Breamore House was completed in 1583 by the Dodington family, and was built on the site of Breamore Priory. The building underwent minor changes in the 18th century and underwent considerable restoration after a major fire in 1856.

Purchased in the 18th century by Sir Edward Hulse, Baronet, M.D., physician to Queen Anne and Kings George I and George II, the house is still inhabited by the Hulse family (see Hulse baronets).

After marriage with Dame Elizabeth, daughter of Sir Richard Levett, Lord Mayor of London and owner of Kew Palace, the Hulse family acquired many heirlooms of the Sussex Levetts, an ancient Norman family, which are on display in the house.

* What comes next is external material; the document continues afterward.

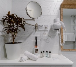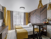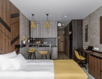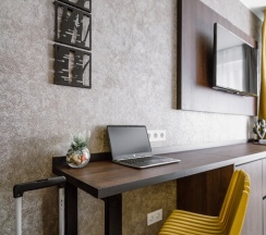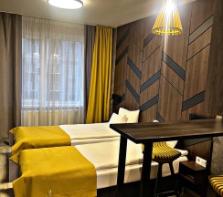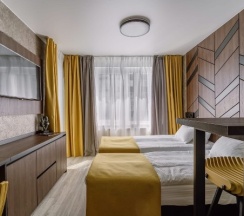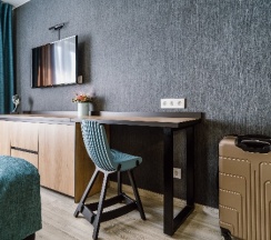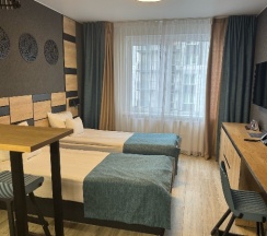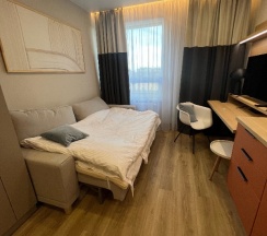 Отель приятно удивил. Были проездом, забронировали самую простую категорию. Номер оказался весьма просторным, хорошо укомплектованым всем необходимым, начиная от посуды и заканчивая гладильные принадлежностями (утюг, кстати, оказался очень хорош). Вся мебель хорошего качества. Пастельные принадлежности также из отельной серии. Всё очень чистое. В номере очень уютно и комфортно. Есть чайные принадлежности в номере (вода, чай, кофе растворимый, сахар). А для любителей зернового кофе, возле лифта на 1 этаже есть кофейный аппарат с очень вкусным кофе, на выбор (отдельная рекомендация). Персонал очень дружелюбный, профессиональный.
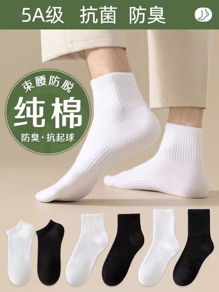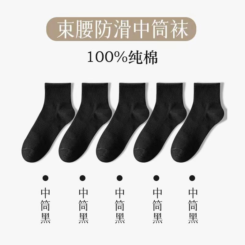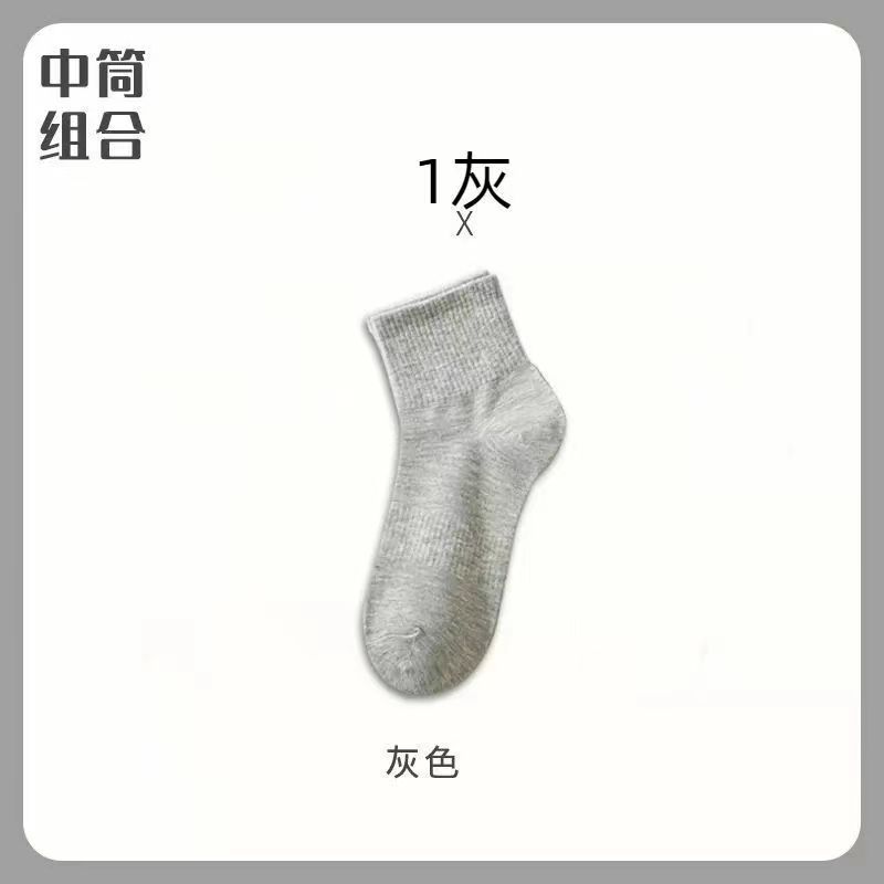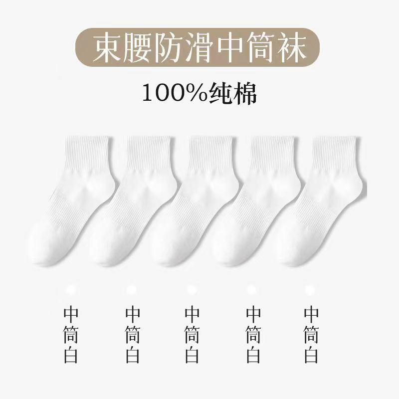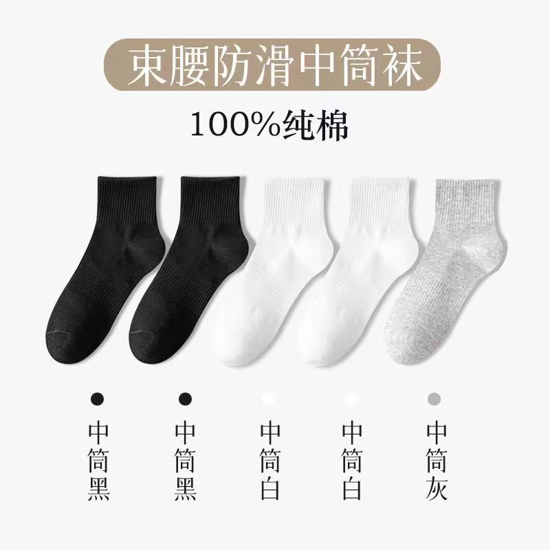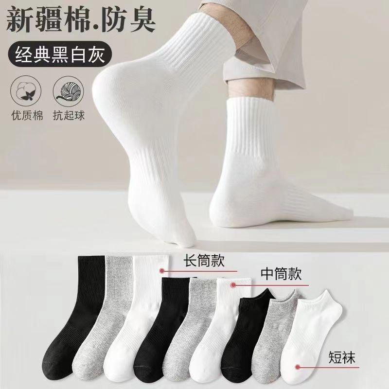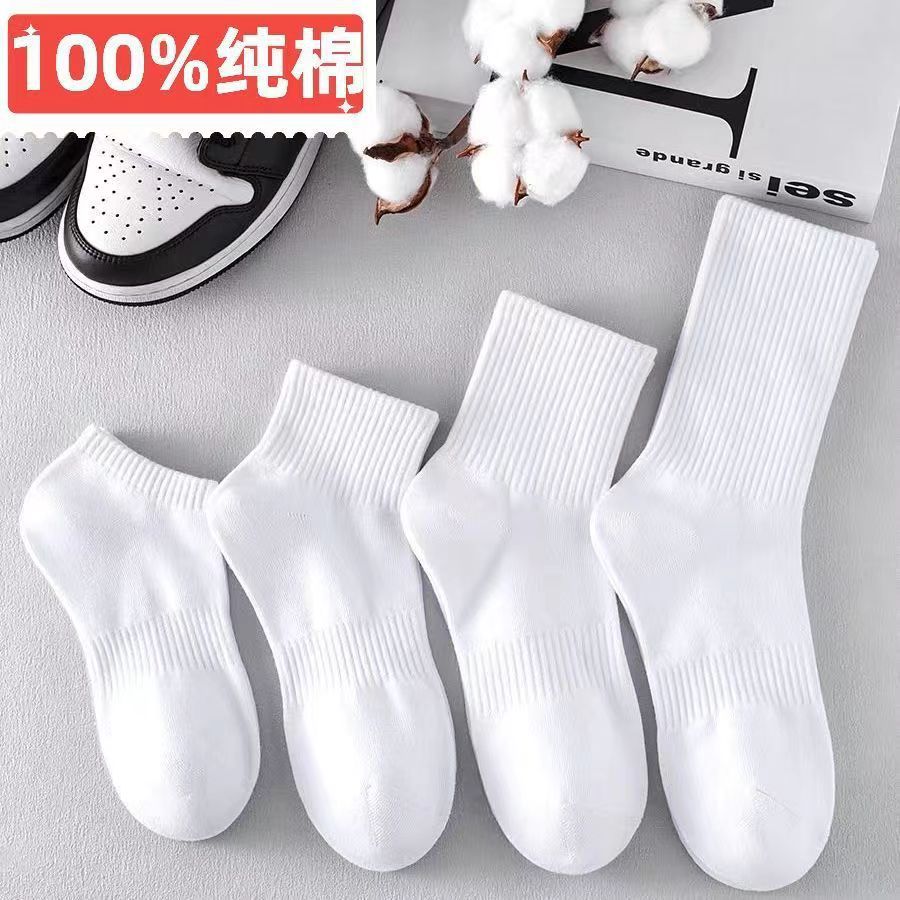 면 양말 남성용 흰색 종아리 중반 소년 스포츠 스타킹 남성용 짧은 양말 단색 Zhuji 양말스토어 가기

Levett's other daughter, Frances, married Thomas Lewis Esq. of St. Pierre, Monmouthshire, Wales; his daughter Mary married Abraham Blackborne, a London merchant who lived at Clapham, whose son, also named Abraham, vicar of Dagenham, married Frances Fanshawe, daughter of Thomas Fanshawe of Parsloes Manor.

Sir Edward Hulse's only daughter, Elizabeth, married John Calvert of Albury Hall, Hertfordshire in 1757. John Calvert was member of Parliament for Wendover in 1754 and later for Hertford. The wedding was performed by Abraham Blackborne, vicar of Dagenham, Essex. The brothers Thomas, Edward and Richard, sons of Sir Edward Hulse and his wife Elizabeth, all attended the University of Cambridge. A fourth son, Levett, died as an infant.

==Film Locations==

Breamore House was used as one of the locations for the 2005 film Pride & Prejudice.

Breamore was also a filming location for HBO's 2009 special on Winston Churchill entitled Into the Storm, where the house stood in for Chequers, the home of the Prime Minister.